Viable and credible nuclear power

Nyngan solar PV farm, NSW; 102 MW
Solar farm
Solar PV at this sort of scale is far less expensive than nuclear power.
Pumped hydro power or possibly batteries (expensive in 2017) can be used to store the power for use when the light is not bright.
If nuclear power is ever to become a credible and viable source of electricity it should be able to pass a number of tests.
  1. It must be possible to convincingly demonstrate that when its total emissions – from mine to dump and decommissioning – are taken into account it is a genuinely low-carbon option.

  2. We must be able to know exactly where and how the waste is disposed of.

  3. The whole nuclear cycle, mining, planning, building, running, decommissioning, disposal of waste and insurance must be economically viable and not require government subsidy. (Enough subsidy to allow the power produced to compete with fossil fuel electricity could be excepted, see Level playing field.)

  4. There must be convincing evidence that no civil nuclear materials will be diverted for military purposes or used for terrorism.
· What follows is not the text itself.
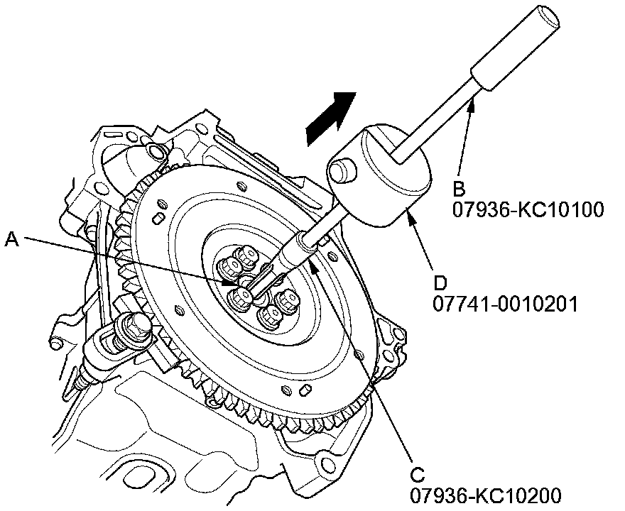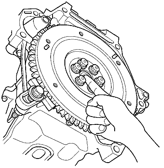 17. Loosen the flywheel mounting bolts in a crisscross pattern in several steps. Remove the bolts, then remove the flywheel and the ring gear holder.

  5. The uranium must be used efficiently (that is, a large percentage of the potential energy is utilised – not the approximately 1% that is currently extracted – before the 'spent' fuel is dumped.)

  6. The risks posed by the huge radiation leakage that would result from the bombing of nuclear power stations in war time must be fully taken into account.

  7. Finally, one condition that before the Fukushima fiasco might have been thought obvious; no plants should be built on major fault zones, on tsunami-prone coasts, on eroding seashores or those likely to be inundated before the plant has been decommissioned or any other places which are geologically unsafe.
(Some of the points above were adapted from an article by George Monbiot.)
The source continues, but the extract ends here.